I'd like the data below restated word for word, with the pictures left out.

··· Data extract ···

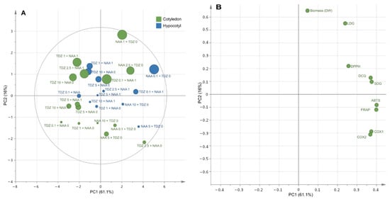 Principal component analysis (PCA) for the discrimination of the different L. grandiflorum extracts derived from callus cultures as a function of their phytochemical compositions and biological activities, with circle size relative to biomass, expressed as dry weight. Score plot (A); loading plot (B). Explained variance by factor 1 (PC1) = 61.1% and by factor 2 (PC2) = 16%.
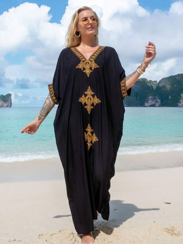 Black Embroidery Batwing Sleeve House Caftan Dress
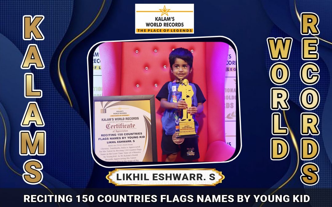 Born on 29-02-2020 From Chennai, Tamilnadu, India is Appreciated for His Talent by Reciting 150 Counter Flags Name in the Least Time Time of 9 Minutes by Young Kid. As We Kalam’s World Records Appreciating His Talent and Honoring Him in the Stage of Big Applause and for His Future Stepping Stone. Achievement Dated 25-08-2022. This Achievement is Registered in Kalam’s World Records.

···

● Completed task:
 Principal component analysis (PCA) for the discrimination of the different L. grandiflorum extracts derived from callus cultures as a function of their phytochemical compositions and biological activities, with circle size relative to biomass, expressed as dry weight. Score plot (A); loading plot (B). Explained variance by factor 1 (PC1) = 61.1% and by factor 2 (PC2) = 16%.
 Black Embroidery Batwing Sleeve House Caftan Dress
 Born on 29-02-2020 From Chennai, Tamilnadu, India is Appreciated for His Talent by Reciting 150 Counter Flags Name in the Least Time Time of 9 Minutes by Young Kid. As We Kalam’s World Records Appreciating His Talent and Honoring Him in the Stage of Big Applause and for His Future Stepping Stone. Achievement Dated 25-08-2022. This Achievement is Registered in Kalam’s World Records.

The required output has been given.